Throughout the Cold War, arms control dominated the agenda of U.S.-Soviet relations. During periods when the United States and the Soviet Union clashed in several arenas both literally and figuratively, the arms control regimes kept open a channel of communication between the two superpowers. The very process of negotiating these agreements helped to ease tensions in the bilateral relationship.

Today, the opposite is true. At a time when the United States and Russia have begun to cooperate on a wide range of issues that would have been unthinkable in the Cold War era, arms control has stalled. In particular, the Russian parliament has refused for several years to ratify the Strategic Arms Reduction Treaty (START II), even though it is in Russia's strategic and economic interests. Russian lawmakers have practiced the policy of linkage - an American invention from the Cold War days - in trying to obtain American concessions in other policy arenas in return for START II ratification. All they have achieved so far is delay.

U.S. foreign policy leaders can exit this game of blackmail by simply moving ahead unilaterally with arms reductions. The next American president should announce that the United States plans to reduce its arsenal of strategic nuclear weapons to the lowest level that will still give the United States a deterrence capability. Some have suggested that this number is 2,500; others have posited that the United States can go to as low as 1,000 warheads if all of these weapons are placed on submarines, safe from a first strike. Given Russia's dire financial situation, the Russian government is likely to reciprocate. To be sure, arms control agreements are preferable in that they provide better information about intentions and more opportunities for verification. Ironically, however, the United States and Russia are likely to achieve START II and even START III levels of nuclear weapons much faster if they stop negotiating these treaties and simply act unilaterally and encourage the other side to reciprocate.

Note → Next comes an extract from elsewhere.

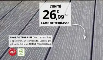 En plus de l'offre LAME DE TERRASSE, Bricorama propose une large gamme de produits. Consultez le Catalogue Bricorama hebdomadaire pour découvrir les meilleures offres et promotions. En plus de LAME DE TERRASSE, il y a aussi : Lame de terrasse, LAME DE TERRASSE & LAME DE TERRASSE.

If the U.S. objective of reducing strategic nuclear weapons might be achieved better through less engagement with Russia, the objective of developing and deploying missile defenses is best achieved through greater cooperation. In the spirit of Ronald Reagan's original speech on the Strategic Defense Initiative, the United States should seek to develop missile defense technologies in full cooperation with Russia, even if the United States has to foot the entire bill. Persuasive as money always is to countries in deep financial trouble, this might soften Russian resistance to amending the ABM treaty, while also giving us the benefit of Russia's technology and scientific personnel in developing these systems. Recent successes in negotiations about Shared Early Warning suggest that the United States and Russia can devise regimes for cooperation that enhance the security of both countries. We owe it to ourselves to try.



Michael A. McFaul is a senior associate at the Carnegie Endowment for International Peace in Washington, D.C., and an assistant professor of political science at Stanford University in California.